From owner-freebsd-arch@FreeBSD.ORG  Wed Jan 14 17:23:46 2004
Return-Path: <owner-freebsd-arch@FreeBSD.ORG>
Delivered-To: freebsd-arch@freebsd.org
Received: from mx1.FreeBSD.org (mx1.freebsd.org [216.136.204.125])
	by hub.freebsd.org (Postfix) with ESMTP
	id 4F4F116A4CF; Wed, 14 Jan 2004 17:23:46 -0800 (PST)
Received: from kientzle.com (h-66-166-149-50.SNVACAID.covad.net
	[66.166.149.50])	by mx1.FreeBSD.org (Postfix) with ESMTP
	id 0383943D70; Wed, 14 Jan 2004 17:23:43 -0800 (PST)
	(envelope-from kientzle@acm.org)
Received: from acm.org ([66.166.149.54])
	by kientzle.com (8.12.9/8.12.9) with ESMTP id i0F1NgkX076018;
	Wed, 14 Jan 2004 17:23:42 -0800 (PST)
	(envelope-from kientzle@acm.org)
Message-ID: <4005EB9D.50506@acm.org>
Date: Wed, 14 Jan 2004 17:23:41 -0800
From: Tim Kientzle <kientzle@acm.org>
User-Agent: Mozilla/5.0 (X11; U; FreeBSD i386; en-US; rv:1.4) Gecko/20031006
X-Accept-Language: en-us, en
MIME-Version: 1.0
To: Tim Robbins <tjr@freebsd.org>
References: <4004D445.7020205@acm.org>
	<20040114234829.GA19067@cat.robbins.dropbear.id.au>
In-Reply-To: <20040114234829.GA19067@cat.robbins.dropbear.id.au>
Content-Type: text/plain; charset=us-ascii; format=flowed
Content-Transfer-Encoding: 7bit
cc: freebsd-arch@freebsd.org
Subject: Re: Request for Comments: libarchive, bsdtar
X-BeenThere: freebsd-arch@freebsd.org
X-Mailman-Version: 2.1.1
Precedence: list
Reply-To: kientzle@acm.org
List-Id: Discussion related to FreeBSD architecture
	<freebsd-arch.freebsd.org>
List-Unsubscribe: <http://lists.freebsd.org/mailman/listinfo/freebsd-arch>,
	<mailto:freebsd-arch-request@freebsd.org?subject=unsubscribe>
List-Archive: <http://lists.freebsd.org/pipermail/freebsd-arch>
List-Post: <mailto:freebsd-arch@freebsd.org>
List-Help: <mailto:freebsd-arch-request@freebsd.org?subject=help>
List-Subscribe: <http://lists.freebsd.org/mailman/listinfo/freebsd-arch>,
	<mailto:freebsd-arch-request@freebsd.org?subject=subscribe>
X-List-Received-Date: Thu, 15 Jan 2004 01:23:46 -0000

Tim Robbins wrote:
> On Tue, Jan 13, 2004 at 09:31:49PM -0800, Tim Kientzle wrote:
> 
>>Request for Comments:  libarchive, bsdtar
>>
>>Add "libarchive" to the tree, prepare to change the system
>>tar command to "bsdtar" once it is sufficiently stable.
> 
> [...]
> 
> Let me start by thanking you for working on replacing GNU utilities with
> higher quality and less restrictively licensed alternatives. I haven't
> had time to read over the code very thoroughly, but I have a few initial
> comments:

Thanks for the feedback.  A lot of people rely on 'tar',
so I want to make sure it's well-tested and does what
people really need before it becomes the default.  When
you do have time to look over the code, please let me
know what you think.

> - Padding gzip'd tar archives (with bsdtar czf) causes gzip to report
>   "trailing garbage" and fail, and in turn this causes GNU tar to fail.

Oddly, GNU tar does successfully and correctly extract the archive,
and then exits with an error code.  There's an easy one-line
patch that fixes this bug in GNU tar, by the way.  ;-)

>   BSD pax (-wzf) and GNU tar (czf) do not pad compressed archives.

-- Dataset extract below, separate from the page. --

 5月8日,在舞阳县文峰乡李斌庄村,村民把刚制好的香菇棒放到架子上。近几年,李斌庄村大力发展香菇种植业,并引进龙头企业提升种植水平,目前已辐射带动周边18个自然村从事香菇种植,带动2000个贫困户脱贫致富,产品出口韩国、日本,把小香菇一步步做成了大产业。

The issue here is correct blocking for devices that require it.
(E.g., tape drives, floppies)  libarchive correctly blocks all
output, regardless of whether or not it is compressed.  Neither
GNU tar nor BSD pax gaurantee this.

It goes a bit deeper in the case of libarchive.  By design,
libarchive knows nothing about the archive storage.  This means
there is no simple way for it to vary it's operation depending
on whether it's writing to a file or character device, unlike
monolithic programs such as GNU tar or BSD pax.

I have some ideas about how to change this by generalizing the
blocking calculations within libarchive and providing some
client hooks for finer control over the blocking, but I haven't
decided whether or not it's worth the effort.

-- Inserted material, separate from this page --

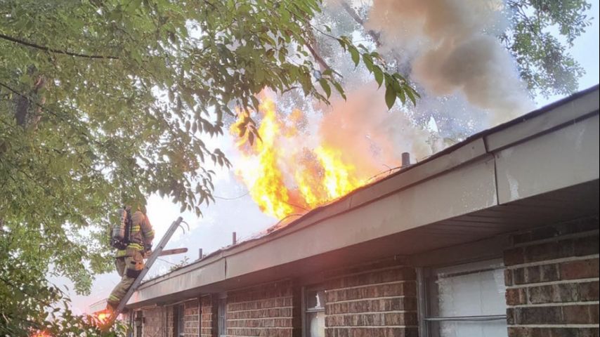 Video showed plumes of smoke coming from the roof of the home as first responders worked to get the fire under control.

Somehow, though, I doubt you'll be the last person to complain about
this ;-), so I'll start looking for a good way to change this
behavior.

> - I would prefer it if compression was done by opening a pipe to gzip/bzip2
>   instead of using libz/libbz2. This would make things simpler, and make it
>   easier to support compress(1).

Not really simpler for the library, and definitely not simpler
for clients of the library.

This is related to the blocking issue I mentioned just above.
In order to correctly block the output, you need to collect the
output of the compression program and reblock it.  An early version
of libarchive did exactly this, forking a three-stage pipeline with
the compression/decompression program in the middle.  Unfortunately,
this created some odd problems, as the archive I/O then occurred
in a separate process from the rest of the program.  For example,
this made it difficult for clients to monitor the I/O status
from their mainline code, and hampered proper error reporting.

It also seemed inappropriate for a library to be invoking
client-provided callbacks in a different process.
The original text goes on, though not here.